We say that a clustering result satisfies a _homogeneity_
criterion if all of its clusters contain only data points which are members of the
same original (single) class.

A clusterign result satisfies a _completeness__ criterion if all the data points
that are members of a given class are elements of the same predicted cluster.

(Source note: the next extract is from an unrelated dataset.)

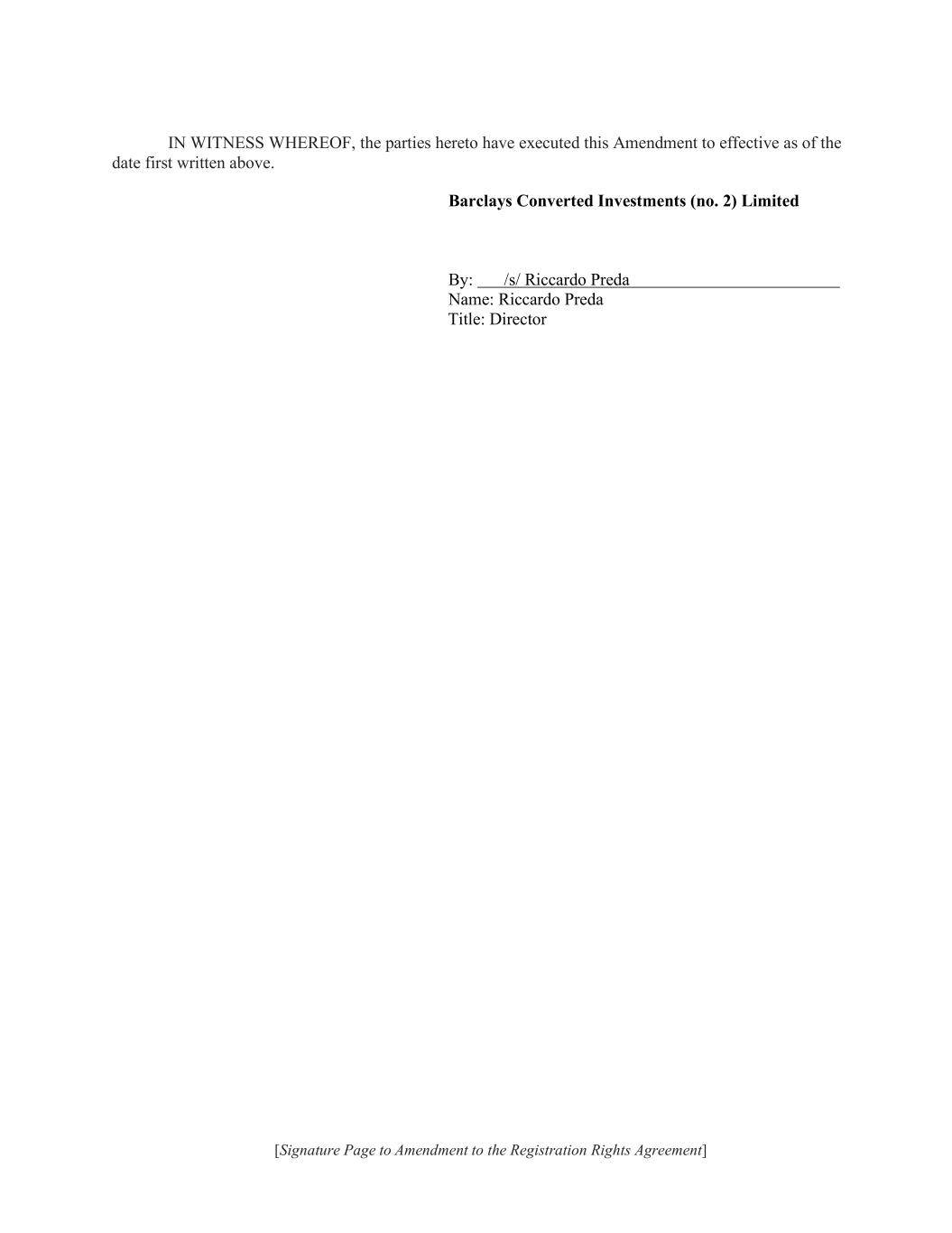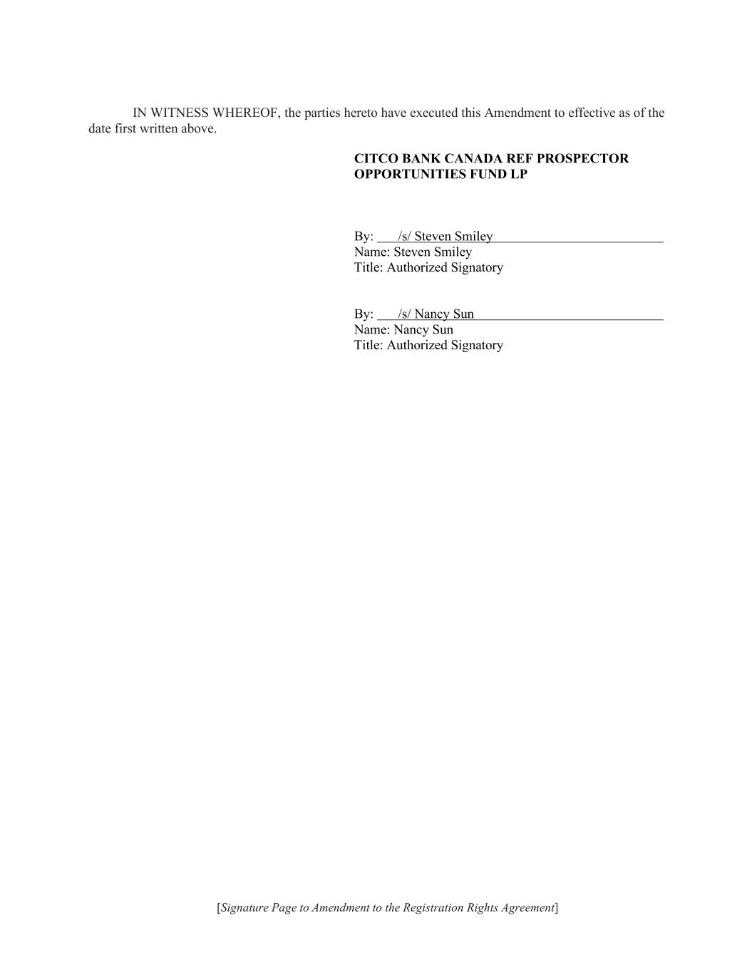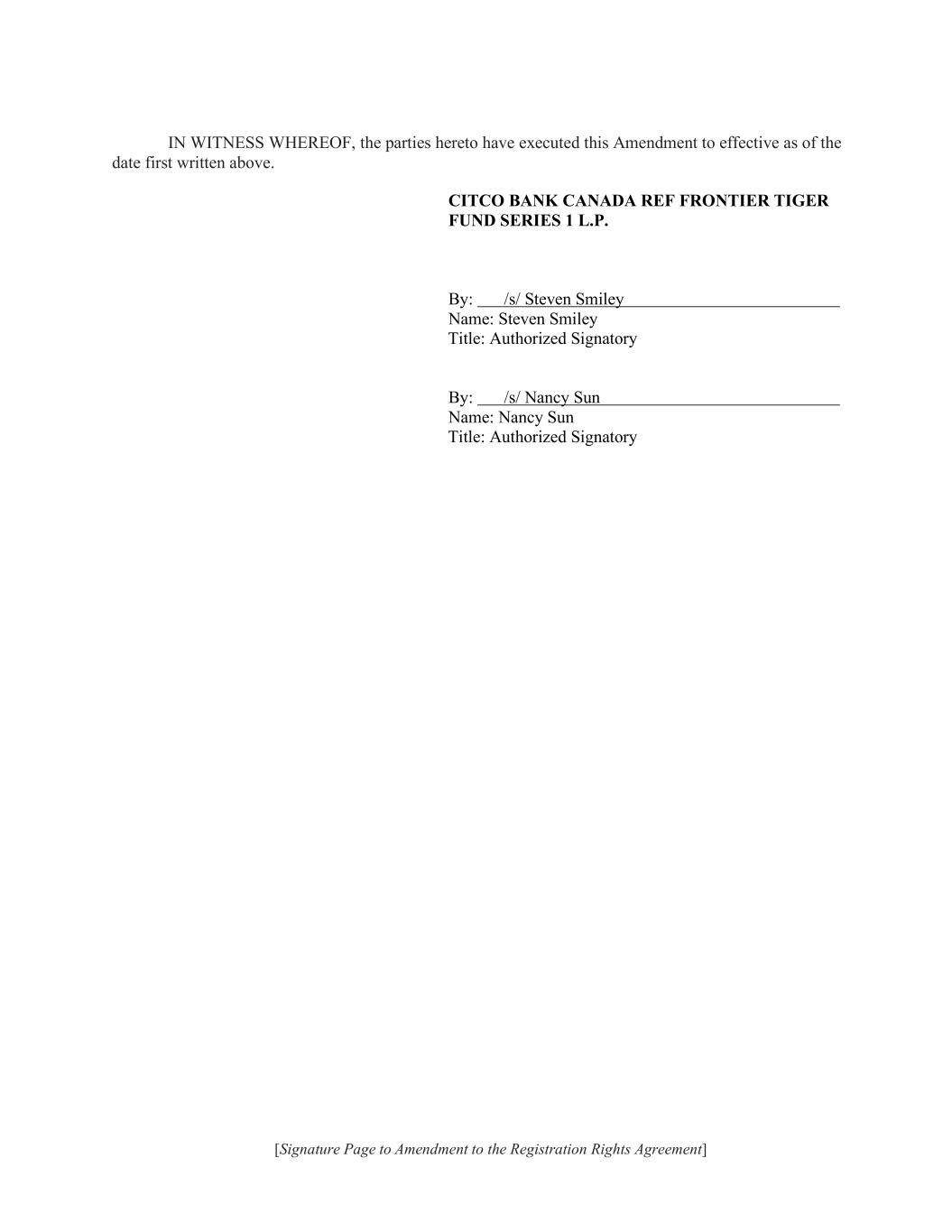 | | | Brendan Shanahan Chief Financial Officer (Principal Financial and Accounting Officer) |

Note that both scores have real positive values between 0.0 and 1.0, larger values
being desireble.


In [8]:
# for example if we consider two toy clustering sets
# (e.g. orgiinal and predicted) with four samples and two
# labels we get
from sklearn import metrics
print(f'{metrics.homogeneity_score([0, 0, 1, 1],[0, 0, 0, 0]):.3f}')
# the homogeinity is 0 since the sample sin the predicted cluster 0 come from
# original cluster 0 and cluster 1

0.000


In [9]:
print(f'{metrics.completeness_score([0, 0, 1, 1], [1, 1, 0, 0])}')
# the completeness is 1 dince all the samples from the original
# cluster with label 0 go into the same predicted cluster
# with label 1 and all the samples from the original cluster with
# label 1 go into the same prdeicted clsiter with label 0

1.0


However, how can we define a measure that takes into account the completeness
as well as the homogeneity? The V-measure is the harmonic mean between the
homogeneity and the completeness defined as follows:homo

$$ v = 2 * (homogeinity * completeness) / (homogeinity + completeness) $$

Note that this metric is not dependent of the absolute values of the labels: a
permutation of the class or cluster label values will not change the score value in
any way. Moreover, the metric is symmetric with respect to switching between the
predicted and the original cluster label. This is very useful to measure the agreement
of two independent label assignment strategies applied to the same dataset even
when the real groundtruth is not known. If class members are completely split across
different clusters, the assignment is totally incomplete, hence the V-measure is null:

In [10]:
print(f'{metrics.v_measure_score([0, 0, 0, 0], [0, 1, 2, 3])}')

0.0


In contrast, clusters that include samples from different classes destroy the homo-
geneity of the labeling, hence:


In [11]:
print(f'{metrics.v_measure_score([0, 0, 1, 1], [0, 0, 0, 0])}')

3.203426503814917e-16


In summary, we can say that the advantages of the V-measure include that it
has bounded scores: 0.0 means the clustering is extremely bad; 1.0 indicates a perfect clustering result. Moreover, it can be interpreted easily: when analyzing the
V-measure, low completeness or homogeneity explain in which direction the clustering is not performing well. Furthermore, we do not assume anything about the
cluster structure. Therefore, it can be used to compare clustering algorithms such
as K-means, which assume isotropic blob shapes, with results of other clustering
algorithms such as spectral clustering which can find clusters
with “folded” shapes. As a drawback, the previously introduced metrics are not
normalized with regard to random labeling. This means that depending on the number of samples, clusters and groundtruth classes, a completely random labeling will
not always yield the same values for homogeneity, completeness and hence, the V-measure. In particular, random labeling will not yield a zero score, and they will tend
further from zero as the number of clusters increases. It can be shown that this problem can reliably be overcome when the number of samples is high, i.e., more than a
thousand, and the number of clusters is less than 10. These metrics require knowledge of the groundtruth classes, while in practice this information is almost never
available or requires manual assignment by human annotators. Instead, as mentioned
before, these metrics can be used to compare the results of different clusterings.